While securing new business is important, it’s crucial to prioritize ventures that align with long-term goals and ethical standards. We’ve had several clients where our “sketch alarm” was going off so we either declined the opportunity or, if we did start working with them, made our exits as soon as possible.

3. Lack of Organization

A messy, disorganized office or warehouse can be a window into deeper management issues. If a potential client’s workplace or property is in disarray, it raises questions about their professionalism and approach to business.

Getting the chance to peek inside a physical workspace won’t happen in every case. But for virtual relationships, there can be similar indicators.

Maybe the prospect is already coming unprepared to meetings or having trouble providing basic information needed to scope services. Or maybe initial Zoom meetings are cut off at 30 minutes because the client refuses to invest in paid Zoom accounts for its employees (read: not willing to invest in tools to achieve organizational alignment). We had one business where the son had taken over from the father but all the awards, framed pictures, etc. were all from the Dad’s era. The IT situation was a mess and even in the late 2010’s, they had several folks with a single 17” Dell monitor. Clearly no desire to reinvest in the business.

If an unwillingness to invest in organization is apparent now, imagine how this will translate into working with the client day-to-day. It won’t be pretty and it likely won’t result in the profitability projected due to wasted hours herding cats.

4. Showing Disrespect

Every client reserves the right to give feedback to vendors and service providers, even during the sales process. It matters, however, the way in which that feedback is given. A prospect showing disrespect before they are even officially a client is a big red flag.

A caustic client’s impact on your bottom line may take time to be felt, but it could even go as far as to affect your ability to retain employees. No one wants to work with a disrespectful or problematic client. Losing good staff can be incredibly costly. The time and money spent on recruitment, training, and the potential drop in productivity during the transition period can be significant.
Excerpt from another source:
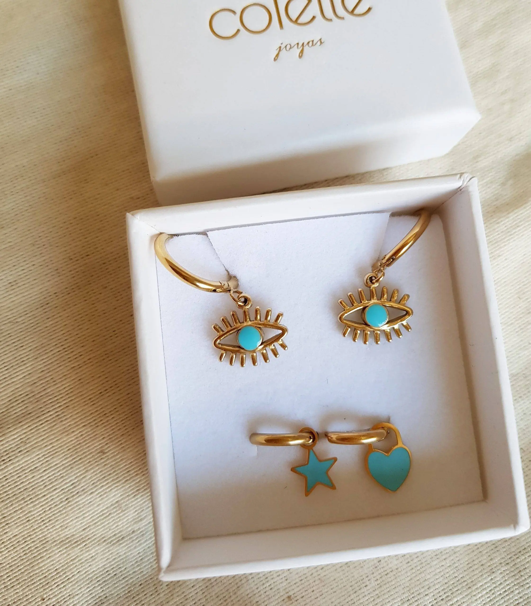 Par aritos maxi ojo egipcio, unidad arito blue heart, unidad arito Blue star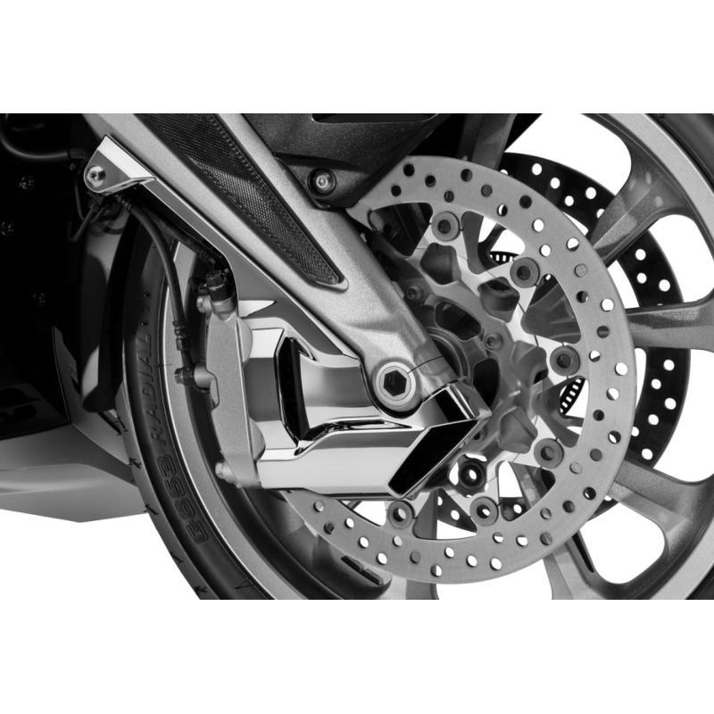Jeu d'enjoliveurs chromés pour étriers de frein avant, améliorant le flux d'air refroidissant l'étrier.

Another variation on this same theme is clients who won’t take recommendations. If your company has been hired to provide strategic advice, it’s imperative to have clients respect that advice. Few things are as frustrating as a client who won’t listen, and then blames you when things inevitably fail. Best to prioritize the health of the organization and happiness of employees and politely decline.

Pro-tip: Find a small but insightful suggestion to include in the sales process and use that to gauge the client’s willingness to listen.

5. Can’t Scale to Support the New Business

Be honest about capacity and bandwidth. If taking on a new account would mean stretching the team too thin or jeopardizing existing client commitments, it’s wiser to decline. A good reputation is invaluable, and overextending resources could damage it.

Worse yet, an inability to scale risks alienating existing A-tier clients when their quality of service suffers. Losing long-standing, right-fit clients as a result of taking on more new clients that can’t be adequately staffed and supported isn’t exactly a model for long-term profitability.

In Conclusion

Remember, a healthy business is built on strong foundations and a healthy client base. By recognizing the above scenarios, businesses can make informed decisions about new business opportunities and ensure long-term success and profitability.